今夏、英国へ旅をした。ほぼ10年ぶりに「霧の街」ロンドンをふらふらしながら、気付いたことがある。とにかく居心地がいいのだ。10年前は、もう少し閉鎖的な印象があっただけに意外だった。

 理由を考えてみると、二つあるように思う。一つは人間の多様性を許容する空気が醸成されていたように私には感じられたこと。
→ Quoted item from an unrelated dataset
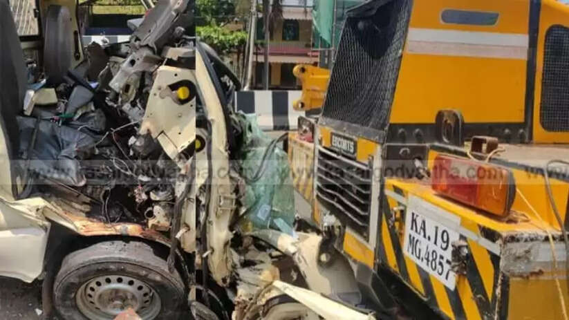 Pickup van collided with a parked crane on the Mogral National Highway, trapping the driver's leg. Firefighters rescued the severely injured driver after a 45-minute operation.

英語が得意でなく、しかも「平たい顔」のエイリアン(外国人)に対して、差別や孤独を感じさせず街の人々が親切に接してくれる。言語や文化が違うコミュニティがたくさんありながら、互いにうまく接点を見つけて共存しあう生活の知恵がそこにはあった。肌感覚としては、シンガポールの過ごしやすさに近いかもしれない。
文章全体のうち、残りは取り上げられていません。